For the first procedure, the error in the determination of the time for 20 oscillations is the same as the error in the determination of the time for 5 oscillations. Therefore, the error in the period for the first procedure will be the same as the error in the period for the second procedure. To determine which procedure gives the smallest error in the value of the period, you would need to compare the actual values of the errors.

I hope this step-by-step explanation helps you with your physics error analysis assignment! Let me know if you have any further questions.

Sure, I can help you with your physics error analysis assignment. Let's go through each question one by one.

1) The relationship between the FWHM and the standard deviation for a Gaussian distribution is given by the equation FWHM = 2√(2ln2) * σ, where FWHM is the full width at half maximum and σ is the standard deviation. To derive this relationship, we start with the fact that the FWHM represents the width of the distribution at half the maximum value, which corresponds to ±σ for a Gaussian distribution. By solving the equation N(x) = A/2 for x, we find the right and left-hand side values for x. The difference between these values gives us the FWHM.

2) If a dataset is normally distributed and you choose one data point at random, the probability that it will lie within one standard deviation of the mean is approximately 68.27%. This is because in a normal distribution, about 68.27% of the data falls within one standard deviation of the mean.
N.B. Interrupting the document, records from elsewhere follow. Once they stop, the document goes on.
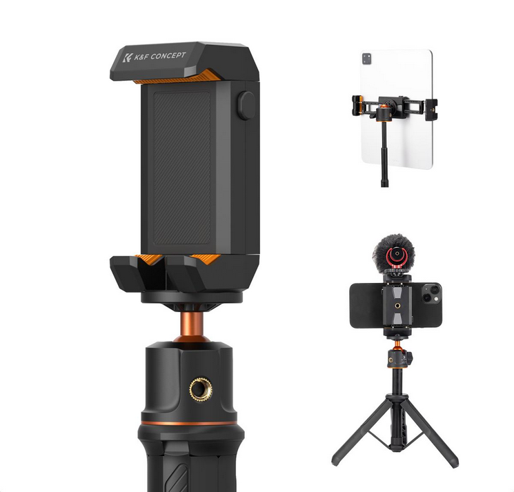 El K&F MS20 es un soporte versátil 2 en 1 para teléfonos y tabletas, diseñado para ofrecer comodidad y flexibilidad. Permite fijar de forma segura tanto el teléfono móvil como la tableta al mismo tiempo, lo que facilita el ajuste de la configuración con un solo clic y un movimiento. El soporte está equipado con una interfaz de zapata fría para conectar diversos accesorios fotográficos, como micrófonos y luces de relleno. Gracias a su anchura ajustable entre 6 y 22 cm y a varios orificios de 1/4" para tornillos que permiten acoplar un trípode o un dispositivo, ofrece un soporte robusto y gran adaptabilidad. Su diseño compacto, su estructura ligera y su base hueca garantizan un almacenamiento sencillo, compatibilidad con la carga y protección del dispositivo.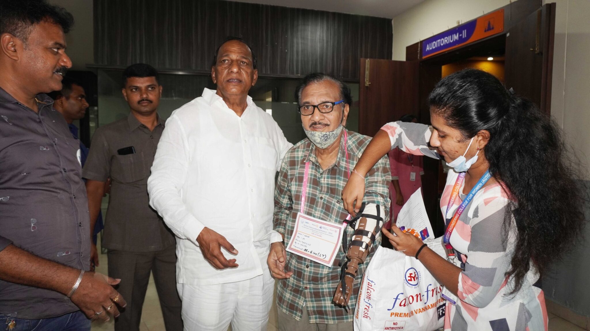 Ch Malla Reddy seen with a beneficairy who received LN 4 Prosthetic Hands at the Camp the biggest ever in India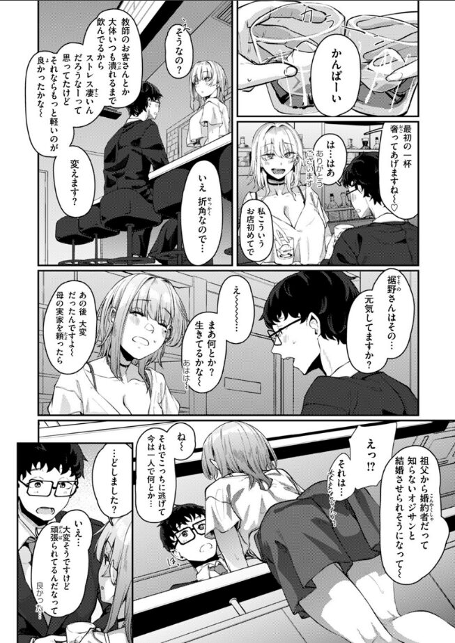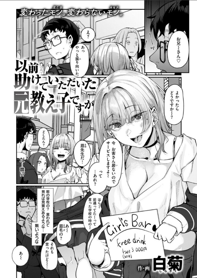 「教師の癖に教え子に こんなに欲情しちゃってるんですか?」夜の街で声をかけてきたのは、元教え子のしずく。かつての地味な眼鏡の少女はどこへやら、すっかり派手になったしずくにガールズバーに連れて行かれる教師。しずくの変化に戸惑ううちに、教師の意識はお酒に飲まれ……昔の姿に戻ったしずくが、淫靡な顔で教師の肉棒を咥えてみせる。激しい口淫に精が込み上げていく中、教師が夢から目を醒ますと――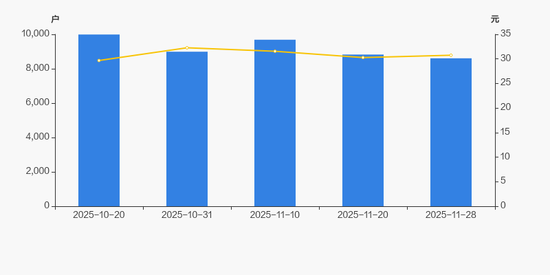 2025年10月20日至今,公司股东户数显著下降,区间跌幅为13.84%。2025年10月20日至2025年11月28日区间股价上涨3.61%。

Now let's move on to the next set of questions about expressing quantities to the correct number of significant figures:

(a) The correct way to express the quantity 23.043 ± 4.321 to the correct number of significant figures is 23.0 ± 4.3. This is because when expressing the uncertainty, you should round it to have the same number of decimal places as the value itself.

(b) The correct way to express the quantity 67 ± 9.023 to the correct number of significant figures is 67 ± 9.0. In this case, the value 67 has two significant figures, so the uncertainty should also be rounded to have two decimal places.
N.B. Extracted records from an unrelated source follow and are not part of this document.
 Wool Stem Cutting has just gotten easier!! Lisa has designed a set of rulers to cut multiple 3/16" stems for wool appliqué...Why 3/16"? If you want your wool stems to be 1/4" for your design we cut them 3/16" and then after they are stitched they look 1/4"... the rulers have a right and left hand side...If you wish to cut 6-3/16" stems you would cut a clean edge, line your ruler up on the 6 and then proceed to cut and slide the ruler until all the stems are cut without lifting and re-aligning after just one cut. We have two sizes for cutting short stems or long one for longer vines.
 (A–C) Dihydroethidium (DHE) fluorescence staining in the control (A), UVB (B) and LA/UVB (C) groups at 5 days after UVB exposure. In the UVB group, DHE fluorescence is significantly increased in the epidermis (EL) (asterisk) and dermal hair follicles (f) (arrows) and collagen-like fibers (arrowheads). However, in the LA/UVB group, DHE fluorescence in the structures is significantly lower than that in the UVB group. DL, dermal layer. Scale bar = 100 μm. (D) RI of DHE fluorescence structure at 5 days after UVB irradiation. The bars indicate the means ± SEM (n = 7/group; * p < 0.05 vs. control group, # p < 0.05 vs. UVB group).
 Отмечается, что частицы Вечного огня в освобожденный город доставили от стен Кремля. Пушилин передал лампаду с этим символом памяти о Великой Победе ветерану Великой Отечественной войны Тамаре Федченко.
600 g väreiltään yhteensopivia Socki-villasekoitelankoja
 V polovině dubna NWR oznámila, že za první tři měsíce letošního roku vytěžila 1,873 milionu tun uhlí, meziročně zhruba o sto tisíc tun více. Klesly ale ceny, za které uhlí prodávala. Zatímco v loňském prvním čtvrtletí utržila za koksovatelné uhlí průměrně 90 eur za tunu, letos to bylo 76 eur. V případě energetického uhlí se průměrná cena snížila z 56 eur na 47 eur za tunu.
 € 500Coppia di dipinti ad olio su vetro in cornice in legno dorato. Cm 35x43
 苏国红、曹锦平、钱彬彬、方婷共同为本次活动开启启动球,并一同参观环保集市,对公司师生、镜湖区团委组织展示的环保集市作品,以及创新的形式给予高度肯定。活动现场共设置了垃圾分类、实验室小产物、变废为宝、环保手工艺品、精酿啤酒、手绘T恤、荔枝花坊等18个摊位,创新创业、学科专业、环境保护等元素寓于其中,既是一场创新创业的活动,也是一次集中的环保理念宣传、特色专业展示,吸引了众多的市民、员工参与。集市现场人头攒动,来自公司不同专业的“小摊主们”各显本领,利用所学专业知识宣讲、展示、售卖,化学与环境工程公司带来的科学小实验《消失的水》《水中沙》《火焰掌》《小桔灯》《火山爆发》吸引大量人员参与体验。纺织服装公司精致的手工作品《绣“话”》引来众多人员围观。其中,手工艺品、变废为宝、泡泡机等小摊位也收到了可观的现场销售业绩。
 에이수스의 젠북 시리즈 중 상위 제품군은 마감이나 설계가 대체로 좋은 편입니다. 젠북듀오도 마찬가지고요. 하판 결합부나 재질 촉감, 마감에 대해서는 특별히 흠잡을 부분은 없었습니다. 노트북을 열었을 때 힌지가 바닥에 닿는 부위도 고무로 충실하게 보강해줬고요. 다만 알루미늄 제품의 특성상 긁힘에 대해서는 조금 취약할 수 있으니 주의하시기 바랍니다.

(c) The correct way to express the quantity 33.1492934 ± 2 to the correct number of significant figures is 33.1 ± 2. This is because the value 33.1492934 has four significant figures, so the uncertainty should also be rounded to have one decimal place.

Now let's move on to the next set of questions involving calculations:

To find a+b, simply add the values together:

a = 40 ± 5
b = 30 ± 3

a+b = (40+30) ± (√(5^2 + 3^2)) = 70 ± √34

To find a+b+c, add all three values together:

a = 40 ± 5
b = 30 ± 3
c = 20 ± 1

a+b+c = (40+30+20) ± (√(5^2 + 3^2 + 1^2)) = 90 ± √35

To find a/t, divide the value of a by the value of t:

a = 40 ± 5
t = 1.2 ± 0.1

a/t = (40/1.2) ± (√((5/40)^2 + (0.1/1.2)^2)) = 33.3 ± 0.25

To find (a+c)/t, add the values of a and c together, then divide by t:

a = 40 ± 5
c = 20 ± 1
t = 1.2 ± 0.1

(a+c)/t = ((40+20)/1.2) ± (√((5/40)^2 + (1/20)^2 + (0.1/1.2)^2)) = 50 ± 0.43

To calculate (1.23 ± 0.03) + pi, simply add the values together:

(1.23 ± 0.03) + pi = (1.23 + 3.14159) ± (0.03 + 0) = 4.37 ± 0.03

To calculate (1.23 ± 0.03) × pi, multiply the values together:

(1.23 ± 0.03) × pi = (1.23 × 3.14159) ± (0.03 × 3.14159) = 3.86 ± 0.09

Finally, let's tackle the last question regarding the error in the period of a pendulum:

Since the error in the determination of the time for 20 oscillations is assumed to be the same as the error in the determination of the time for 5 oscillations, we can conclude that the error in the period will be smaller for the procedure measuring the time for 20 oscillations. This is because the error in the determination of the period can be calculated as the error in the time measurement divided by the number of oscillations. As the number of oscillations increases, the error in the period decreases. Therefore, the procedure measuring the time for 20 oscillations will give the smallest error in the value of the period.

I hope this helps you with your physics error analysis assignment! If you have any further questions, feel free to ask.